Он меня смущал всю дорогу; и просто мешал любоваться морем; отойдет и взглянет в дали, не видя людей; и ходит, и ходит: чего он ходит?
А через день в Копенгагене ударил тем, что роилось в нем.
В Христиании перетрясла тема; и то, что в ней вставало мне; но встряс и доктор, — по — новому вскрывшись; как артезианские струи, под земно текущие вдруг бьют; что молчало, то — вскричало; и этот крик его не умолкал во всем путевом зигзаге: Берген — Берлин: он кричал во вселенную на пароходе, в кривых тупичках городишки, в вагоне, в море; мне казалось: я был введен в один из пластов его жизни, о котором лишь подозревал; тема "Штейнер и Христос" открылась здесь в объясняющем стержне; она и была открыта; но я не знал, до какой степени он и ТЕМА — в одном, во всем: навсегда!
С той поры, когда он точно бросив "учительство", произнес слова о недостойности своей коснуться темы, мне и лицо его стало иным; смотрите — иконостас сквозной, но не изнутри занавешен красным шелком; ничего не видишь. Кто — то подошел и, не отворяя царских дверей, отдернул завесу; и там, за завесой, в пролеты дверей, — неясный блеск престола.
Что — то такое случилось с моим восприятием доктора; я не форсировал, не подглядывал; мне и "моего" было достаточно: что с ним делать? Я просто видел в докторе Штейнере… кого — то иного. "Иной" вперялся в меня словами: "Со страхом Божиим… приступи". А доктор Штейнер, вздев саквояж, стоял на палубе, слагая лекцию. Вероятно: менее всего ему было дело… до… меня. Но и мне… не… до… него.

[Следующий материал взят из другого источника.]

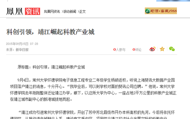 9月4日,565net必赢官方网电子信息工程专业二年级学生杨硕返校,听说上海斐讯大数据产业园项目落户靖江的消息,十分开心。“我毕业后,可以到学校对面的斐讯公司应聘。”他说。565net必赢官方网去年刚刚整体迁址靖江办学,眼下,以这所大学为中心,一座占地2平方公里的科教产业城正在靖江城市副中心的新港城拔地而起。
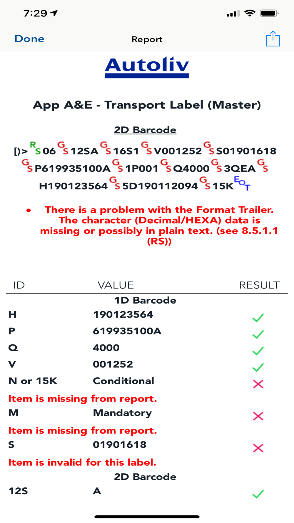 The Autoliv LabelCheck app verifies that a supplier transport or shipping label meets the requirements as documented in the AS244 specification. Using the device camera, the app compares the supplier data matrix 2D barcode versus the Autoliv 2D guideline, and 1D barcode compliancy can also be assessed. The report generated can be shared via email or text message.
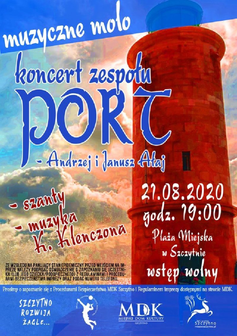 Polecamy koncert z cyklu "Muzyczne Molo". W piątek, 21 sierpnia zagra zespół PORT. Początek godz. 19. Wstęp wolny. Szczegóły na plakacie.
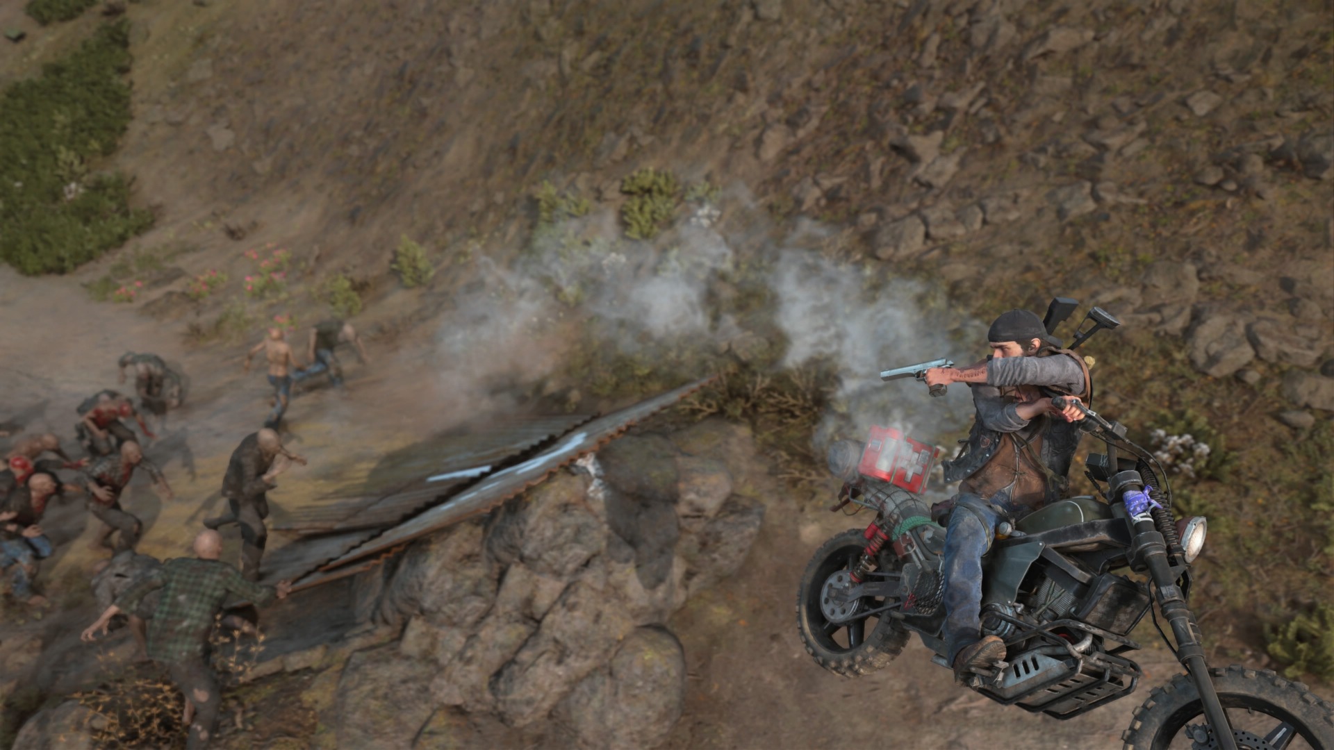 Playing Drifter’s Run reminds me of what bummed me out about Days Gone in the first place. In another open-world game, this would be the sort of thing that would be integrated into several side missions—fun nonsense that just lets you toy around with the world and the tools you have to navigate it. But Days Gone is a grim story of survival that endeavors to remain tonally consistent, perhaps to a fault, since even here, in this nonsensical obstacle course isolated from the main game, there are stakes. You’re delivering bandages to people that need them. Life-and-death stuff!
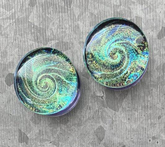 PAIR of Stunning Blue Vortex Swirl Design Pyrex Glass Double Flare Plugs/Tunnels - Gauges 2g (6mm) through 1" (25mm)
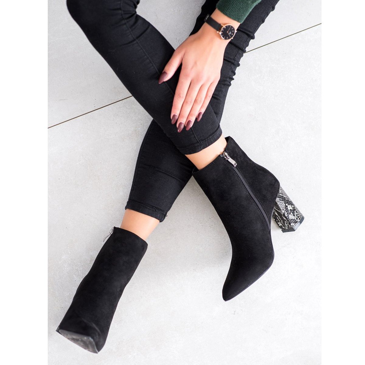 Otkrijte zadivljujuće gležnjače s visokom petom Goodin Snake Print u elegantnoj crnoj boji! Izrađene od visokokvalitetne eko antilop kože, ove gležnjače kombiniraju bezvremenski stil s modernim naglascima. Ukrasna blok peta visine 8,5 cm ne samo da dodaje stil, već osigurava i udobnost pri nošenju, što ih čini savršenim za svakodnevnu upotrebu i razne prigode, kao što su proslave ili večernji izlasci.
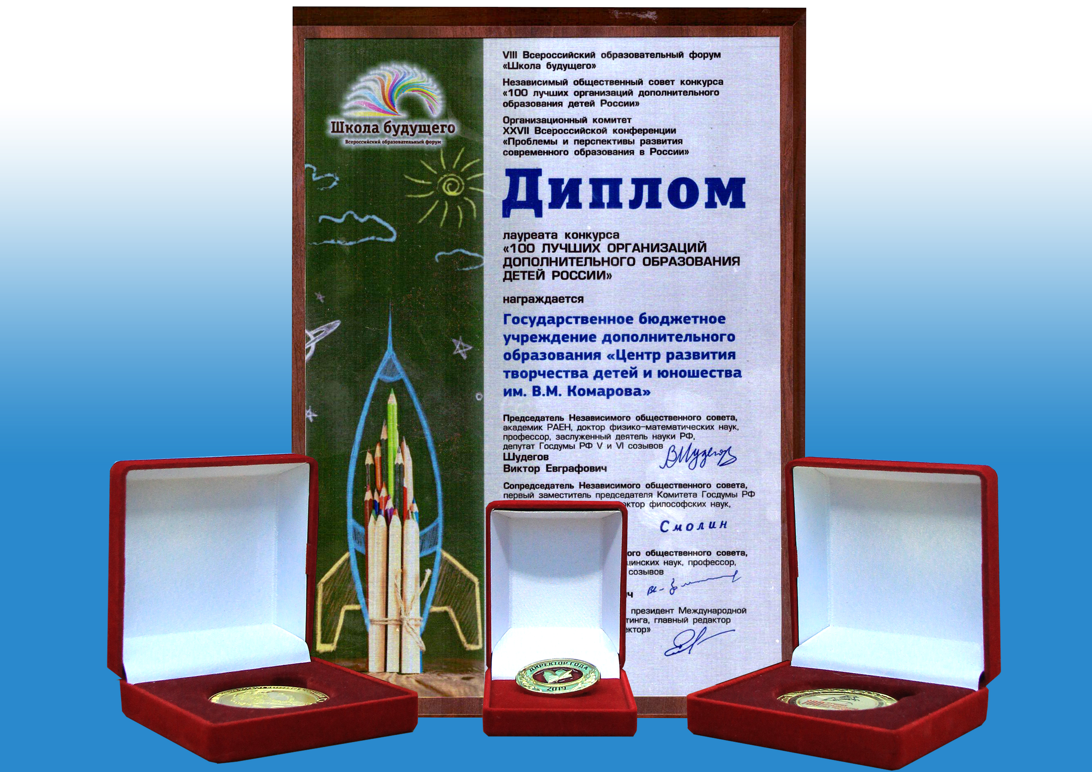 Центр творчества стал Лауреатом конкурса. Учреждению вручена золотая медаль «100 лучших организаций дополнительного образования детей России», которой награждены лучшие учреждения России, добившиеся наиболее высоких результатов и успехов в образовании. Еще одной наградой Центра стала памятная медаль «180 лет со дня рождения М.П. Мусоргского». Директор ЦРТДиЮ Ирина Кузьмина награждена почетным знаком «Директор года –2019».
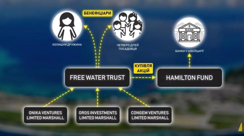 Щоб приховати участь колишнього міністра, на Маршалових Островах створили три компанії, бенефіціарами яких оформили колишню дружину та чотирьох дітей Галущенка. Зазначається, що ці компанії стали “інвесторами” фонду і перераховували кошти на рахунки у трьох швейцарських банках.
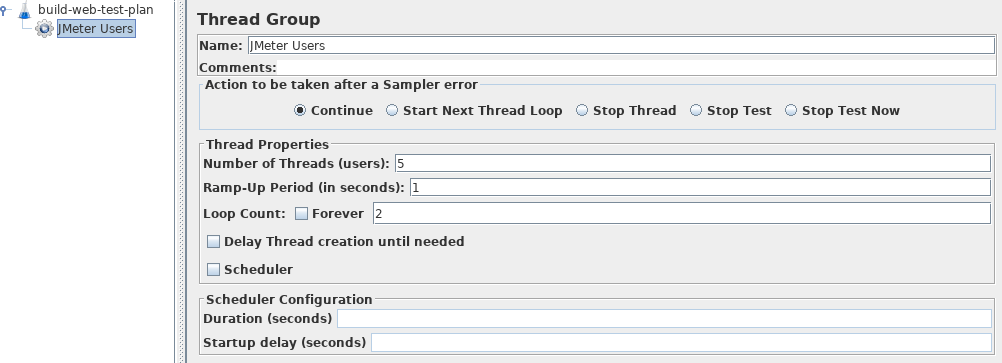 value to 0, then JMeter will immediately start all of your users. Finally, clear the checkbox labeled "Forever", and enter a value of 2 in
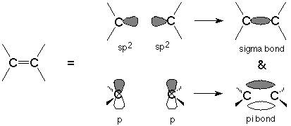 Because bonding angle is 120 degrees, this means the shape of ethane for example, is like two trigonal planars facing each other with an overlap of one prong.
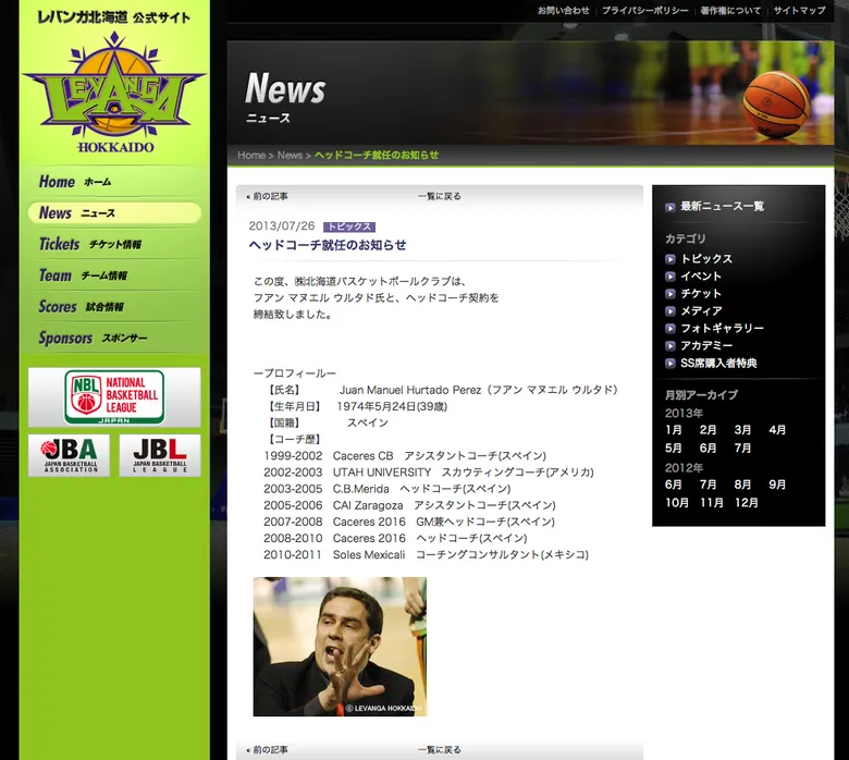Pues recién llegado de su Campus de Jaraiz de la Vera, en su Cáceres natal, más conocido como Campus Xaraiz; y tras un año en blanco en cuanto a entrenador profesional en la élite, ya que la temporada 2012-13 ha sido el Seleccionador Extremeño Infantil así como el Director de las Escuelas Deportivas del Colegio Sagrado Corazón de Cáceres, volveremos a verle en lo más alto ya que se acaba de hacer oficial su fichaje por el equipo japones del Levanga Hokkaido, de la máxima categoría nipona como así hacía oficial la web del club.

А мы "видели" друг друга: он, погружаясь в заботы дней, а я — вспоминая далекие годы зари моей: 901, 902‑й. Они стали впервые картиною воспоминания в Христиании; с них ТОЖЕ спадала завеса: метель, Москва, пунцовая лампадка церкви, Владимир Соловьев, а надо всем — звезда!
— "Так вот что было: ЧЕГО не поняли!"
Сам себя не понимал!
И чего это Штейнер не спустится в каюту?
Невыносимы истины, на которые он указал в "Пятом Евангелии": невыносимы тем, что все взрывая, они и — логический вывод из всей позиции: от гносеологии до… эвритмии; но так всегда: глядели десятки лет на "маленьких существ", пляшущих под микроскопом; и — невдомек: они — то и суть причины болезней.
И вот пришел Пастер; пришел и указал: только — то!
Нечто подобное случилось с "Пятым Евангелием"; все было дано: лежало открытым в элементах; не видели — целого: не видели и элементов.
Пятнадцать лет "Пятое Евангелие" — достояние тысяч людей; а жизнь западного общества течет так, как будто "Пятого Евангелия" не было; джиу — джицу почтения, поза ЭСОТЕРИЗМА: "Остороженее обращайтесь с материалом". И — из осторожности, шепотом прочтя "конспект", отправляют конспект на полочку; и — не видят, что за 15 лет… улица переполнена событиями "Пятого Евангелия", не узнанными в теме: ни ей, ни… антропософами, в полочках да в конспектах, как бактерии, разложивших атмосферу его, в которой принес его Штейнер в 13‑м году; события свершений, "МИГОВ СТРАННЫХ", глядят из опустошенных наших душ, ставших пустыми "ОНО"; и они же заглядывают из окон, ломают климат, опрокидывают устои, выкидываются в невероятных открытиях естествознания.